Tapping into the Venture Boom from Abroad
A Turkish Net startup eyes American VC cash, but luring U.S. investors won't be easy
Q: I am interested in obtaining U.S. venture capital for a new business providing Internet application services in Turkey. This region has excellent opportunities for growth. What is the potential for investment here?
--Z.Y., Ankara, Turkey
A: Turkey's large, dynamic economy and geographic position as a bridge between the Middle East and Europe have long tantalized -- and frustrated -- international investors. Turkey's turbulent politics have repeatedly thwarted efforts to institute sound fiscal and economic policies, particularly to quell inflation and stabilize the Turkish lira. Those factors all work against you as a Turkish entrepreneur seeking U.S. venture capital at a time when a booming, stable U.S. economy offers so much low-hanging fruit to investors interested in Internet ventures.
Most private-equity investors prefer to keep their money close to home in companies they can monitor easily and whose structure and accounting they understand. Also, they need exit strategies, which are provided inside the U.S. by a strong, well-regulated public market and a plethora of large corporations that acquire niche players once they become established.
"Investors fear political and currency risk. Venture deals are vulnerable enough to failure without these extrinsic ways to flop," says Burt Alimansky, managing director of New York-based Alimansky Capital Group Inc. and
founder of the New York Venture Group, a venture-capital fund specializing in that region. "There are so many opportunities right here at home, why bother looking elsewhere, they say?" An international investment would require VCs to become familiar with Turkey's financial and economic system, and would involve additional paperwork.
Some entrepreneurs with international ventures locate their headquarters in the U.S. to get around these obstacles. "It's one of the best ways to secure financing for overseas companies. You put your headquarters on the East Coast or in Northern California, placing your vice-president for marketing, your CEO, and your vice-president for business development here and keeping most of your back-office and technical personnel in your home country," says Graham Anderson, a general partner with Euclid Partners, an early-stage venture firm based in New York City. "Part of the rationale is to play up on the premium of being local. You get more attention paid to you by the trade press if you're located in the U.S., and there are much better opportunities for business development here."
If locating in the U.S. isn't feasible, don't despair. Venture opportunities outside the U.S. are expanding, especially in countries where there is political stability, a tradition of business law and integrity, and an entrepreneurial -- rather than a bureaucratic -- culture, experts say.
"Examples include Chile, Brazil, South Africa, Israel, Poland, and India.
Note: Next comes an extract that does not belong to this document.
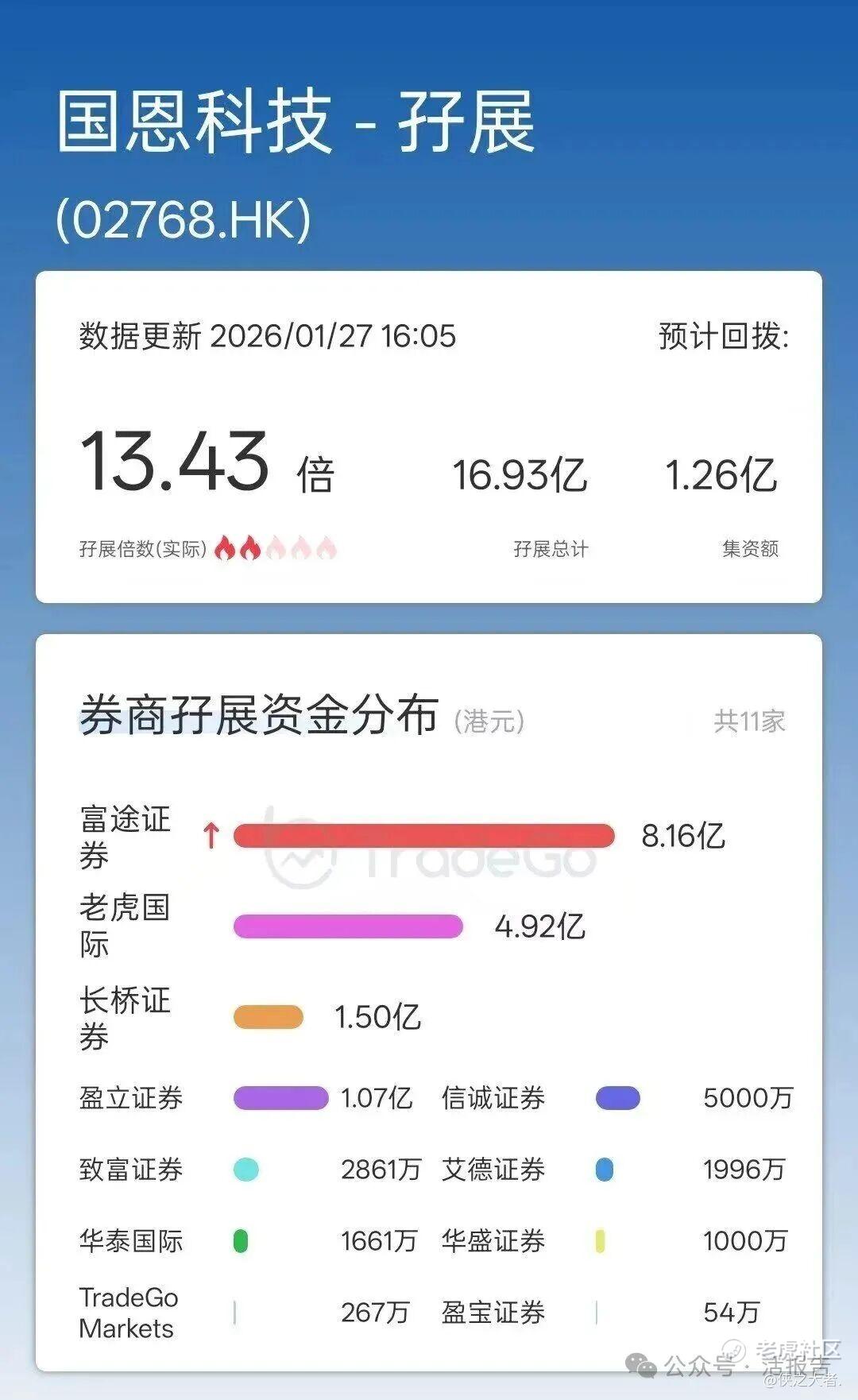 据TradeGo新股孖展数据,截至1月27日16时,国恩科技的孖展认购总额已达16.93亿港元,孖展认购倍数约13.43倍。其中,富途证券、老虎国际、**证券分别放出8.16亿、4.92亿、1.50亿港元的孖展。

Turkey may be hurt short term by the earthquake but helped long term because [the disaster] will attract international attention," Alimansky says. A project to set up a private-equity/venture-capital fund for Turkey has been slowed because of the quake and its aftermath but is moving forward nonetheless, says Gurhan V. Bilgin, who works in international business development at Demir
Yatirim, a publicly traded Turkish company whose activities include banking and stock brokering, and is involved in the project. "I have the backing of a major financial institution and am currently coordinating preliminary discussions with several potential strategic partners in the U.S. and U.K.," Bilgin says.
"As for the availability of venture capital in Turkey, it is currently limited to growth and replacement capital and for larger projects in general (i.e., $10 million), none of which is locally available yet, so the projects have to go to mostly London-based VC firms." Says Bilgin, "I'd like to change that!"